Golf enthusiasts will be attracted to the inaugural Cape Town Golf Festival during August 21 – 26, 2017. According to Jeff Rosenberg, Chairman of Fedhasa Cape, this initiative was as a result of the initial discussions that took place between the Executive Mayor, Alderman Patricia De Lille, and Fedhasa, in an attempt to create new events to be held particularly in the winter months. This year 120 keen golfers will have six days together to enjoy their passion and to experience the Cape countryside. Tournament Director, Reg Ferreira, comments: “The beautiful locations - stunning sea views from both the Milnerton and Clovelly golf courses, the iconic Table Mountain within good sight from Milnerton, to the delights of green vineyards around Durbanville – are bound to appeal to golfers from all over the world.”

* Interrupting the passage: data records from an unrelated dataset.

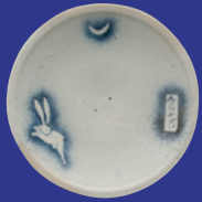
Dish with Hare, Moon, and Blown Ink Design in Underglaze Cobalt Blue, 1630–1640s
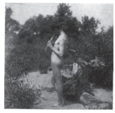
Fig. 13. Photographic male study for Arcadia .
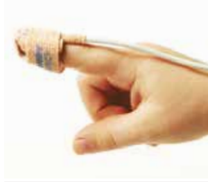
7426-002 Pediatric Cloth Sensor
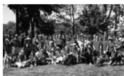
Top Fundraising Individual: Betty Stiern
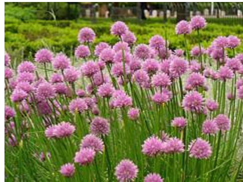
“Chives”.

The most common method of planting involves seeding chives in single rows with about fourteen inches of space between them. A gap of thirty inches appears between every four or so rows. Because chives is dormant in the winter, growers will often seed the vegetable midway through summer, allowing them to harvest in mid-fall and then again in early-spring the following year. Leaves and flowers typically develop in abundance during the spring and in early summer, and it is this part of chives that gets consumed. (Bulbs do not get eaten because they are not well defined.) Growers can even harvest over successive four- to five-week intervals throughout the summer and autumn, for chives will continue producing clusters of leaves and flowers well after spring harvest. 138
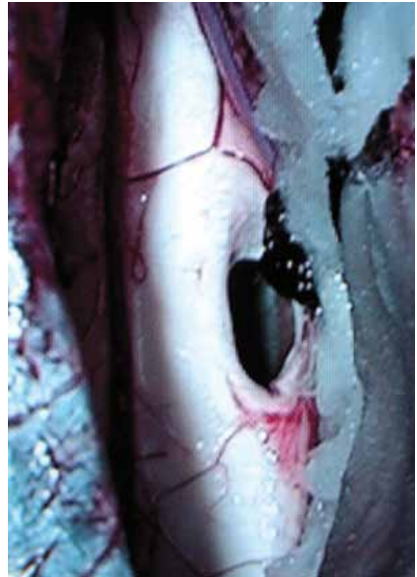
Figure 4 – Corpum callosum opened.
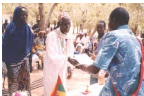
Public marriage ceremony in Bere; A female member of the audience and her husband receive their family record book after formalization of their marriage

Sixty-nine people participated in a workshop on gender-based violence. A case of discrimination related to children's education was noted.
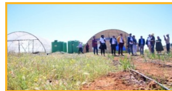
The food gardening at Loeriesfontein. Government leaders visited the garden.
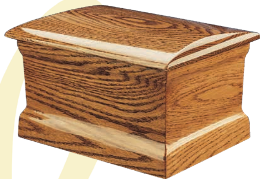
The Colonial by Victoriaville
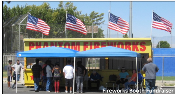
Fireworks Booth Fundraiser
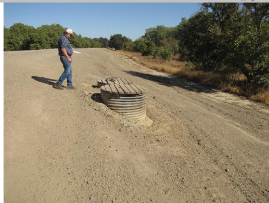
View of CMP risers located on WS slope.
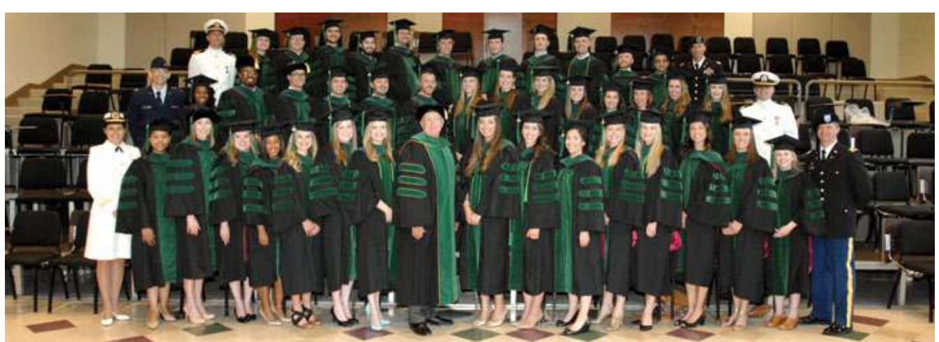
The first USC School of Medicine Greenville A \Omega A inductees, May 5, 2016.

USC School of Medicine Greenville is the ninth A\Omega A chapter chartered at a new U.S. medical school in the last four years.
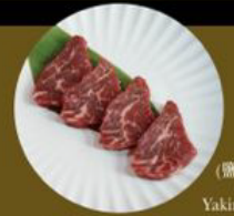
C4. 樂天澳洲和牛封門柳 Australian Hanging Tender Level 1: 2片 pcs Level 2: 2片 pcs Level 3: 3片 pcs
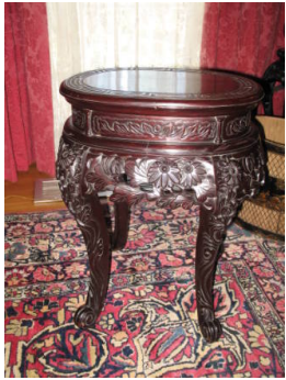
Title: Stool Date: c.1900 Primary Maker: Unknown Chinese Medium: mahogany
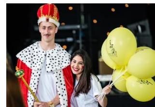
Over 8,500 visitors attended Freddie For A Day 2018

The fifth iteration of the student-organised Freddie For A Day event attracted over 8,500 visitors to Montreux to experience concerts, performances, raffles, and gastronomic specialities from around the world. The 2018 weekend-long event raised almost 25,000 CHF (over $25,000 USD) and all funds will be donated to the Mercury Phoenix Trust Foundation, to be allocated to charity projects focused on fighting HIV/AIDS around the world. In the past 21 years, the trust has given away over $15million in music icon Freddie Mercury's name and funded over 700 projects in the global battle against HIV/AIDS.
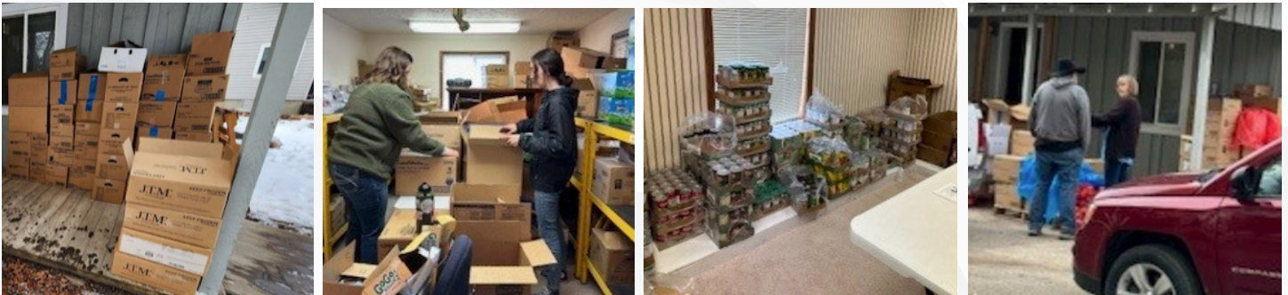
Challis Food Pantry
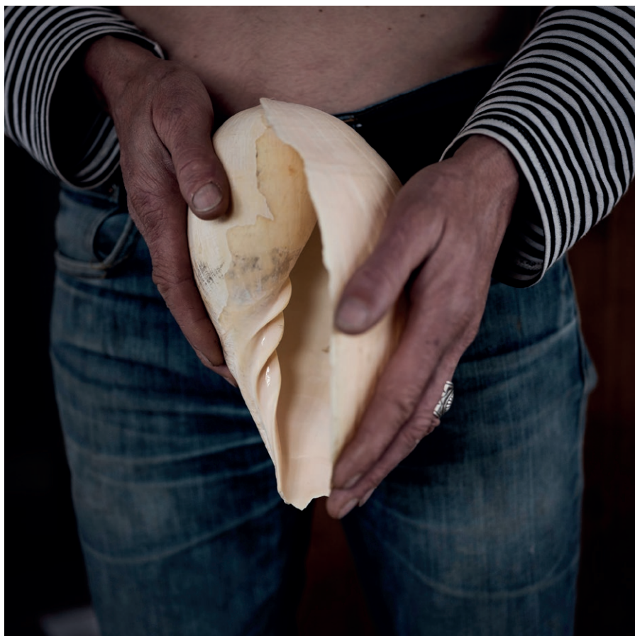
Yohanne Lamoulère L'île (extract) , 2020 Photographies, 5×(60×60), 13×(40×40), 13×(30×30) cm
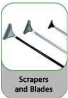
Scrapers and Blades

These scrapers were designed for glass windows, doors and floors. All come with blade protector cover. CM2556 may be used with a telescopic handle.
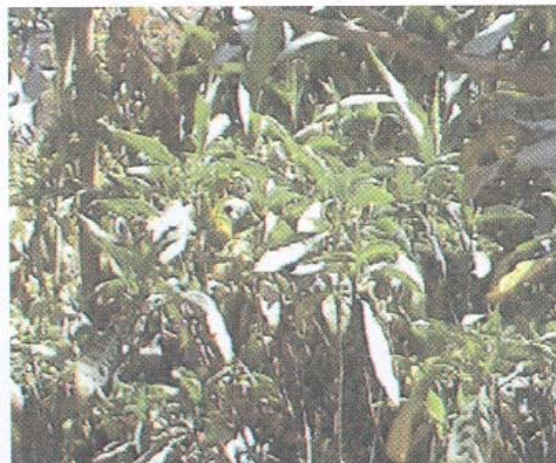
Fig. 6. Strobilanthes flaccidifolius Nees
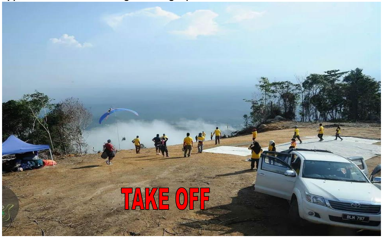
Take off: 3°33'31" (3.5588)N; 101°40'40" (101.678)E - Elevation: 426Meter The TO situated at 1,400ft ASL facing South, South-West Accessible by car from LZ.

The Cape Town Golf Festival is a prime opportunity to showcase that outdoor activities are just as enjoyable during winter as during any other time of the year. According to Enver Duminy, CEO of Cape Town Tourism, the view that the winter months are undesirable for a visit to Cape Town is misguided. He explains that, “Firstly, if one looks at the average number of days of rain during the winter months, it’s clear we do not have constant rain and gloomy days during the cooler months of June, July and August. In fact, statistics show that the average number of days of rain is about nine per month, which means that a visitor could well enjoy a week’s stay in the city without feeling a drop.”

Winter Events

The city’s events calendar also serves to bring more visitors here. For instance, wine-lovers and foodies are spoilt for choice with the Taste of Cape Town Festival, the Riebeek Valley Olive Festival and the Franschhoek Bastille Festival. Nature-lovers have whales visiting and the wild flowers every year.
Similarly, for those with an interest in culture and literature, a visit during the Suidoosterfees or the Franschhoek Literary Festival makes great sense.
Various bodies regularly identify opportunities for new events that will bring visitors to the city. The City of Cape Town recently secured the National Judo Ranking Event, which took place in early May, bringing over 1 000 visitors here. According to Dr Theuns Vivian, Head: Destination Development for the City, “We now have a good chance of securing the next SA championships for Cape Town.”

Conferences in Winter

There is also an opportunity to look beyond leisure tourism only. “Business tourism is generally very profitable, so we need to tap into this even more,” explains Ryan Ravens, the CEO of Accelerate Cape Town. “With so many top-notch conference facilities available, attracting conferences during the winter months is a priority.”

Winter Campaigns

The Love Cape Town City Breaks campaign is geared to attract more visitors to Cape Town during the quieter period. Information has been put together to cater for particular preferences, such as outdoor experiences, sport, food, shopping, etc. The ideas are available on the Cape Town Tourism website – see www.capetown.travel/city-breaks. “These ideas are great for locals, as well as visitors,” Enver Duminy explains. “For those needing to fly in from elsewhere – Johannesburg, Durban and Namibia – special discounted packages are offered by kulula and Flight Centre.”

Halal Partnerships

With South Africa ranked as the 4th destination globally to attract Muslim visitors and the Western Cape being the preferred province for leisure tourism Wesgro, in partnership with dNata Global, launched a Ramadan Campaign at the end of May targeting the following regions in the Middle East: Dubai, Qatar, Bahrain, Kuwait, Oman and the Kingdom of Saudi Arabia. A call for participation to industry will be shared on various platforms for inclusion purposes.
Also with the Muslim traveller in mind, Cape Town Tourism has partnered with CrescentRating, the world’s leading authority on halal travel and a globally recognized independent rating and accreditation service for halal-friendly travel services. CrescentRating has run workshops and training sessions to create awareness and help prepare businesses unlock the potential within the halal travel market. CrescentRating is presently conducting audits of Cape Town’s facilities as well.

Initiatives such as these are crucial in limiting the negative impact of seasonality. Creative thinking, coupled with the will to make an impact, are core to turning the tide on seasonality.